Comment on lines +12 to +37
struct cli_backend {
virtual ~cli_backend() = default;

// model / server info
virtual std::string get_model_name() const = 0;
virtual bool has_vision() const = 0;
virtual bool has_audio() const = 0;
virtual std::string get_build_info() const = 0;

// chat completion (streaming), returns assistant content text
virtual std::string generate_completion(
const json & messages,
const common_params & params,
bool verbose_prompt,
result_timings & out_timings) = 0;

// load a local text file, return its contents (empty string on failure)
virtual std::string load_text_file(const std::string & fname) = 0;

// load a local media file, return the OAI content part JSON for it
// returns empty JSON object on failure
virtual json load_media_file(const std::string & fname) = 0;

// cleanup
virtual void terminate() = 0;
};
Copy link
Copy Markdown
Contributor

Choose a reason for hiding this comment

The reason will be displayed to describe this comment to others. Learn more.

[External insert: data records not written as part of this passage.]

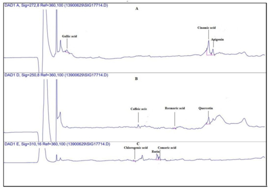 The diagram of identifying the phenolic compounds using the HPLC method at three wavelengths of (A) 272 nm, (B) 250 nm, and (C) 310 nm.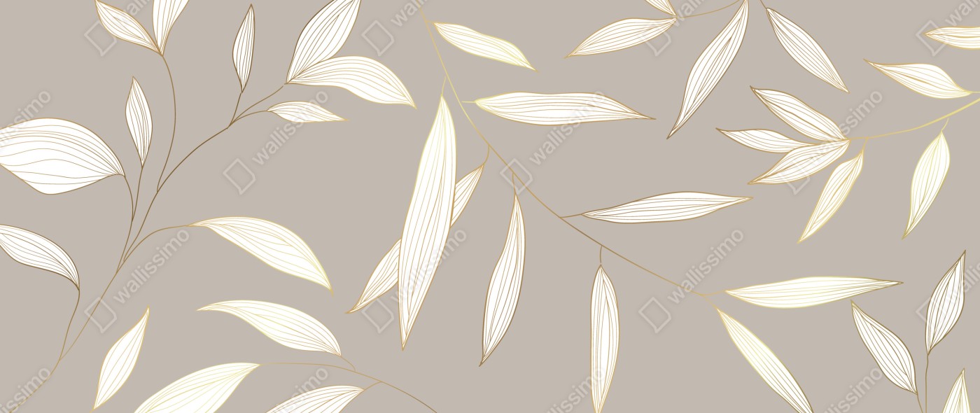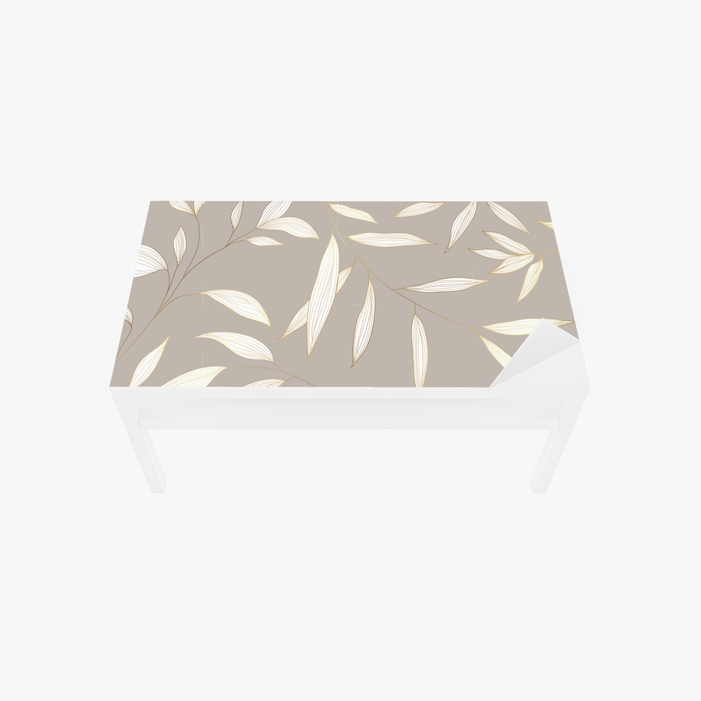 Naklejka na biurko i stół Delikatne liście z złotym obrysem na beżowym tle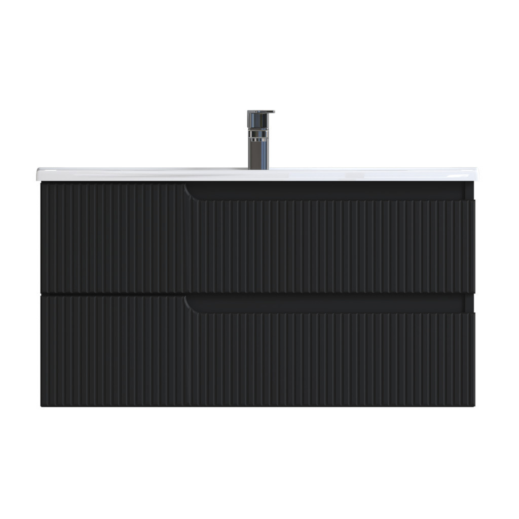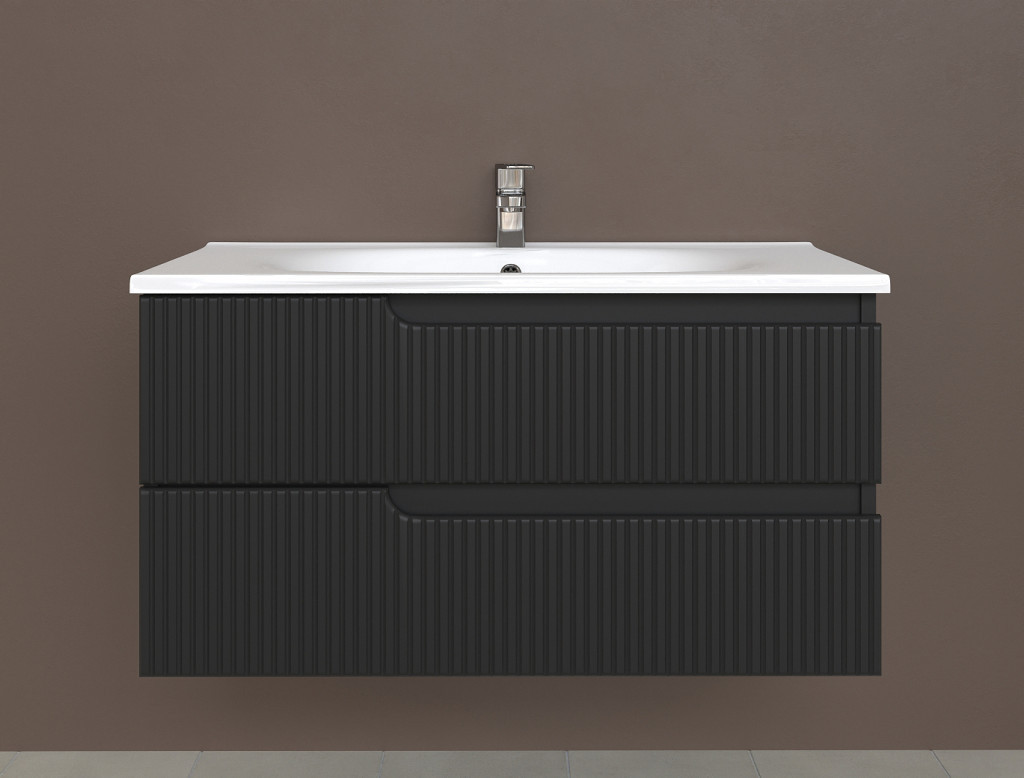Piramida EURIDIKA fali fürdőszobabútor - műmárvány mosdóval -2 fiókos - PINO FEKETE - 100 x 48 x 53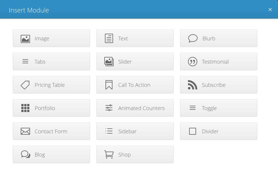 Depending the type of content you want to include, you pick a specific module. You have 17 options: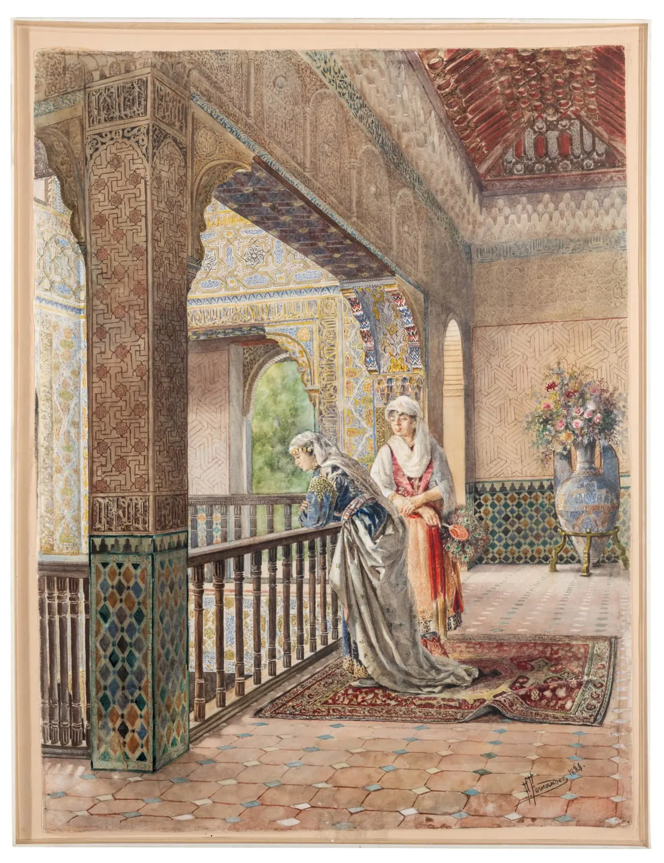 – Les courtisanes au balcon. Aquarelle sur papier. Amalio Fernandez (1859-1928). INU studio. Avec autorisation. 1884.

I imagine this will add double the effort each time someone adds a new feature to the CLI

Not a wise choice for long-term maintenance. The CLI should either support native API or remote API, but not both

Copy link
Copy Markdown
Member Author

Choose a reason for hiding this comment

The reason will be displayed to describe this comment to others. Learn more.

To be honest, I really do feel like having the remote API as the only one would be the better option. As in: it would add interoperability, it would make it simpler to implement the MCP / command execution stuff and it would remove the need to keep a separate track for accessing the server. And all it would take to retain the current functionality of launching the client and the server at the same time would be a simple wrapper.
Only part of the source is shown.